# If 32 L of a gas at room temperature exerts a pressure of 64 kPa on its container, what pressure will the gas exert if the container's volume changes to 24 L?

Mar 19, 2016

The decrease in volume causes the pressure to increase to 85 kPa.

#### Explanation:

This is an example of Boyle's law, which states that the pressure and volume of a gas kept at constant temperature vary inversely, meaning that if the volume increases, the pressure will decrease and vice versa. The equation to use is ${V}_{1} {P}_{1} = {V}_{2} {P}_{2}$.

Given
${V}_{1} = \text{32 L}$
${P}_{1} = \text{64 kPa}$
${V}_{2} = \text{24 L}$

Unknown
P_2"

Solution
Rearrange the equation to isolate ${P}_{2}$, substitute the given values into the equation and solve.
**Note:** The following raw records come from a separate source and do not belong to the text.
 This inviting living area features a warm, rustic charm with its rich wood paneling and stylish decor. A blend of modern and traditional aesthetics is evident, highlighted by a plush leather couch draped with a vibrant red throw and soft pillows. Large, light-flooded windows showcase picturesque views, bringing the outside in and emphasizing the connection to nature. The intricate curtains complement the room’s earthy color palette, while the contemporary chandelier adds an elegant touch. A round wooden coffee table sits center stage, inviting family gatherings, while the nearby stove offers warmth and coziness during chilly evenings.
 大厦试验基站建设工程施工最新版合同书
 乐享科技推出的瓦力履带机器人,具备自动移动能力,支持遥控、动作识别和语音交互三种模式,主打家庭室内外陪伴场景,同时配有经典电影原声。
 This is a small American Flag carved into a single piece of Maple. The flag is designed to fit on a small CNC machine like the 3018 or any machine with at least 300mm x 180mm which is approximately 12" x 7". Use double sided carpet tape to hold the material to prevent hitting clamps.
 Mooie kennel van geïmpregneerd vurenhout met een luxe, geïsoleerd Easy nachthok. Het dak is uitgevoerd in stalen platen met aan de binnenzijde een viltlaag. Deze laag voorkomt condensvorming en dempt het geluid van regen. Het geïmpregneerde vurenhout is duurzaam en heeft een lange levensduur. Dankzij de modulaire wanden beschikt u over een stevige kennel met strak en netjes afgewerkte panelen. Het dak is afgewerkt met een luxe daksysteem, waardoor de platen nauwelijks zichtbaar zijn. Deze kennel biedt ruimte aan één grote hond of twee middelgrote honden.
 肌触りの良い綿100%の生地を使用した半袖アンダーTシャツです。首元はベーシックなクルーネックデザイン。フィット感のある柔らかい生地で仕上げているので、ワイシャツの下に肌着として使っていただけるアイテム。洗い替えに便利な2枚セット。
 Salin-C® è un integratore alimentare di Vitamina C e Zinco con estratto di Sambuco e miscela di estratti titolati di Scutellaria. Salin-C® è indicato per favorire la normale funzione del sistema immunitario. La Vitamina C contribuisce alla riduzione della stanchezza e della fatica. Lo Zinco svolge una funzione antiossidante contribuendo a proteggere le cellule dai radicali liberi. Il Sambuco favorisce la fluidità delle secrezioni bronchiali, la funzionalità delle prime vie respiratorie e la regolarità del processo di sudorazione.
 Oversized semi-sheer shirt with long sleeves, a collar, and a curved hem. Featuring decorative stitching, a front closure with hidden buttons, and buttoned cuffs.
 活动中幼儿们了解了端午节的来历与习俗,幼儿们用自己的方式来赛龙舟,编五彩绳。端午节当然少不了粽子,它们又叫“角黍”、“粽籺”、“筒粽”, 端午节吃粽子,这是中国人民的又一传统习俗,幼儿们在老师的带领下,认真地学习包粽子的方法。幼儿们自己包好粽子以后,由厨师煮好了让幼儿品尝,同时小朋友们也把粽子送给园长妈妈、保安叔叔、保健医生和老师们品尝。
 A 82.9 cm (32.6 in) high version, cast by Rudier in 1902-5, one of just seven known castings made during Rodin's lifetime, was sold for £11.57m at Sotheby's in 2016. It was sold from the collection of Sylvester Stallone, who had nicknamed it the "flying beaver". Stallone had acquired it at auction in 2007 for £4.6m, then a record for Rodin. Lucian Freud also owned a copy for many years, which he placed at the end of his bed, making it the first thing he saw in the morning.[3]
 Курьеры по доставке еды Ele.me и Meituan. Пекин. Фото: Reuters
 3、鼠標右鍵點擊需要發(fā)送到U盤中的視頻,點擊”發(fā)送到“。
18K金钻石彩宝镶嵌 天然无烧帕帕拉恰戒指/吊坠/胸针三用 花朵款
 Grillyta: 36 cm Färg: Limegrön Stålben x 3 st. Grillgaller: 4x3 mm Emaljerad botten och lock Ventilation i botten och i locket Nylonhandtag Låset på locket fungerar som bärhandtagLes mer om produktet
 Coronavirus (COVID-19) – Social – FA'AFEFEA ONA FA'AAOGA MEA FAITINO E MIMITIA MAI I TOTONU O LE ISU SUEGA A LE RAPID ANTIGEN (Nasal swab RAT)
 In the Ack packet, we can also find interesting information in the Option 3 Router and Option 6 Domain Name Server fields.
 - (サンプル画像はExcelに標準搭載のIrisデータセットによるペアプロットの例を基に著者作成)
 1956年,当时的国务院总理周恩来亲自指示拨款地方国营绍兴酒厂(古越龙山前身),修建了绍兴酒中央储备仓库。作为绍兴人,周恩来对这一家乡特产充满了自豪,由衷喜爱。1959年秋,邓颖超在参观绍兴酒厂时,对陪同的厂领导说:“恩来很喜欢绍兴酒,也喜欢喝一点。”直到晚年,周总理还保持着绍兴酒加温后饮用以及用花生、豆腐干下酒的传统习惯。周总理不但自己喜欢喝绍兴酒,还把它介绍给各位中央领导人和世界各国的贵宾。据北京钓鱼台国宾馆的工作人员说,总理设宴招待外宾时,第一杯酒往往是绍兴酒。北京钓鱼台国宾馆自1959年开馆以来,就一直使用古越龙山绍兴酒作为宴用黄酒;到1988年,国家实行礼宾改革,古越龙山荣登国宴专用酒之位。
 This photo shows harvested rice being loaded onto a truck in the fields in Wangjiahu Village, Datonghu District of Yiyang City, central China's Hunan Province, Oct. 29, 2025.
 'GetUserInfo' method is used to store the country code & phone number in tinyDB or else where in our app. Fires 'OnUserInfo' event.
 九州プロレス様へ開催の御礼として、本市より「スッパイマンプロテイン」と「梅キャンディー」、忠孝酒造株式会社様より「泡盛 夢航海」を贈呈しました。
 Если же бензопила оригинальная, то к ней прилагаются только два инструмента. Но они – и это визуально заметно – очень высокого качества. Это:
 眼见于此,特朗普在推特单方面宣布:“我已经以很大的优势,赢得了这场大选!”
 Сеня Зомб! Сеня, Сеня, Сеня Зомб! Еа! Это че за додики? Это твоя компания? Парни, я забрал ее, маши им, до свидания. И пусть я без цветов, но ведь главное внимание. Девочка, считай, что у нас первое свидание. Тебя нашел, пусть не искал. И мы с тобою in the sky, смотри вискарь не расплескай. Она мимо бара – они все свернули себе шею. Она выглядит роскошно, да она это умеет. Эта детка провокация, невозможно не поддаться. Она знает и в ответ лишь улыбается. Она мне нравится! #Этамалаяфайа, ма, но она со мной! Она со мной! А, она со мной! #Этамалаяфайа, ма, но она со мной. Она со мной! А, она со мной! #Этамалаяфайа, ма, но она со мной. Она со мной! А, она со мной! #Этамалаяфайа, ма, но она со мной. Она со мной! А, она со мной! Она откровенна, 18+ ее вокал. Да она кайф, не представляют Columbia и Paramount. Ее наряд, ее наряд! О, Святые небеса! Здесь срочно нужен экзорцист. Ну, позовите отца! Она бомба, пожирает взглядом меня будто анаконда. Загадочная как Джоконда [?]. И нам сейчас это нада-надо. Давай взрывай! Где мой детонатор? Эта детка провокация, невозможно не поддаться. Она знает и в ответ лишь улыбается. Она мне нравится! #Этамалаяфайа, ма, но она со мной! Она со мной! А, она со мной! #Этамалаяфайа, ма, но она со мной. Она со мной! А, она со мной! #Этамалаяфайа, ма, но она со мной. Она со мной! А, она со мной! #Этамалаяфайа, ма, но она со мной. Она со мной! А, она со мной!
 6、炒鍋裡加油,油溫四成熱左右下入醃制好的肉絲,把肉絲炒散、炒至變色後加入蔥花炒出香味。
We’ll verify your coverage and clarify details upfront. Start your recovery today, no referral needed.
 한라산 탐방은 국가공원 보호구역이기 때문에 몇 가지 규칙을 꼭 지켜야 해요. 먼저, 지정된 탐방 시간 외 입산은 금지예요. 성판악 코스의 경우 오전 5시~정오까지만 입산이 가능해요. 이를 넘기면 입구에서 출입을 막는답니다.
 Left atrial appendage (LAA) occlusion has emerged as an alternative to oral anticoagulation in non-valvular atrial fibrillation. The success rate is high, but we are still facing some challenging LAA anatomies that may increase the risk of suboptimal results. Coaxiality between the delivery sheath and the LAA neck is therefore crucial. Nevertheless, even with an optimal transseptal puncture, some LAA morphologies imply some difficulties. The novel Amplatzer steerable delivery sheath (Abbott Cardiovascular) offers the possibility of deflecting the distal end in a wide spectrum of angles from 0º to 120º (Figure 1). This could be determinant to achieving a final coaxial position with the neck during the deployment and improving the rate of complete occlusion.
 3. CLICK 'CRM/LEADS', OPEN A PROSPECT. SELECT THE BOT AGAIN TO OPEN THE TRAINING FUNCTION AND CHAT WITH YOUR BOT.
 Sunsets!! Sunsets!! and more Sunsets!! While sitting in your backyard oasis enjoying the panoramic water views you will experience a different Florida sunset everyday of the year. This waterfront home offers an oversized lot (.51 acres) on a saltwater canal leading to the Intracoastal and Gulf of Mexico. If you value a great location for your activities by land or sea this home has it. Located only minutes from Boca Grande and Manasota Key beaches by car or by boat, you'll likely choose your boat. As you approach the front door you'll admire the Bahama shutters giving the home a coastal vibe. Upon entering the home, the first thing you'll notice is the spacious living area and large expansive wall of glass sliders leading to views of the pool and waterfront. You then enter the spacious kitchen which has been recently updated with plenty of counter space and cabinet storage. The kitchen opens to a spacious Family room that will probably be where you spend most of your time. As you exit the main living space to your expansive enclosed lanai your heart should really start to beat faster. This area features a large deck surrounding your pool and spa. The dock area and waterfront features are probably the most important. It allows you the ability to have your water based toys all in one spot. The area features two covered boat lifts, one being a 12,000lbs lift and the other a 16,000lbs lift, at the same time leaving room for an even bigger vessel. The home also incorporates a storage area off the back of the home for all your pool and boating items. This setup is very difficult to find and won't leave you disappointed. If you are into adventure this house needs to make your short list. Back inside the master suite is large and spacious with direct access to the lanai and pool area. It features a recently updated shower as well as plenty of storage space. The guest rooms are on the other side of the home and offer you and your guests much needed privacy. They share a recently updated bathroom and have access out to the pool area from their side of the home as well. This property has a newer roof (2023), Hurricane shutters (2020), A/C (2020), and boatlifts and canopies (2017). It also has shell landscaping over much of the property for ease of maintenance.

${V}_{1} {P}_{1} = {V}_{2} {P}_{2}$

${P}_{2} = \frac{{V}_{1} {P}_{1}}{{V}_{2}}$

P_2=((32cancel"L")xx(64"kPa"))/(24cancel"L")

${P}_{2} = \text{85 kPa}$ rounded to two significant figures.

As expected from Boyle's law, when the volume decreased from 32 L to 24 L, the pressure increased from 64 kPa to 85 kPa.